GUMBO

.

file.064 Luis APARICIO Jr 【ルイス・アパリシオ】

2006-02-20 | ABC
【ベネズエラの英雄】
Luis APARICIO

ベネズエラは長年に渡り、
メジャー・リーグの名遊撃手を産出してきた。
チコ・カラスケルに始まり、ルイス・アパリシオ、
デーブ・コンセプシオン、オジー・ギーエン
オマー・ビスケル......。

ルイス・アパリシオの父、ルイス・アパイシオ・シニアも、
これら、ベネズエラ出身の名遊撃手に名を連ねても
おかしくない名選手であった。
事実、1936年にはセネターズから獲得の声がかかった程であった。
しかし人種差別がまだ色濃い時代にあってシニアのメジャー入りは
叶わぬ夢と消えた。

「俺はメジャー・リーグに入れなかったわけじゃない、
飛行機に乗るのが嫌だっただけだよ。

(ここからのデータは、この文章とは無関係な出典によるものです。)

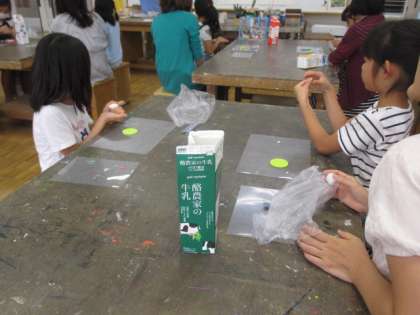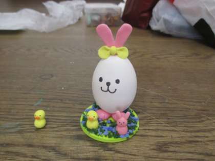 今日は低学年のミニチュアンインエッグの日です。紙粘土と卵の殻を使ってかわいい置物を作りました。

」
シニアは悔し紛れに、息子にこう聞かせたという。

野球に没頭する息子、アパリシオを母親は
よく思っていなかった。
親子二代でメジャーへの夢に破れるのを見たくはなかったのだろう。
アパリシオのユニホームを燃やしてしまった事もあるという。

が、ルイス・アパリシオ・ジュニアはメジャー・リーグの
歴史に残る名遊撃手となった。

56年にチコ・カラスケルを押し退けて
ショートのレギュラーを奪取すると
その卓越した守備力でチームを牽引。
攻撃面でも、『ゴー・ゴー・ソックス』と呼ばれた
シソックスの機動力野球を支えるリード・オフマンとして活躍、
2番を打つネリー・フォックスと
『無敵のヒット・エンドラン・デュオ』を形成した。

56年に21盗塁で盗塁王に輝くと、
64年まで9年連続で盗塁王を独占。
ゴールド・グラブも計9度受賞するなど
選手として一時代を築いた。

チームがワールドシリーズ進出を果たした
59年には、打率.257、6本塁打、51打点ながら
リーグトップの56盗塁と、守備力が評価を得て
MVP投票では2位にランキングされる。

オリオールズに在籍していた66年は、
打率.276、6本塁打、41打点、25盗塁をマーク、
チームの世界一に大きな貢献を果たした。

84年にベネズエラ人としては、初の野球殿堂入りを果たすが、
その知らせが伝えられた時、
ウィンターリーグの試合中のベネズエラの球場では
試合が一時中断し、観客・選手らが一緒になって
ベネズエラ国歌を斉唱したという。

親子二代の夢が叶った瞬間であった。

05年のワールド・シリーズ、
一試合目の始球式の栄誉にあずかったのは
他でもない、ルイス・アパリシオ・ジュニアであった。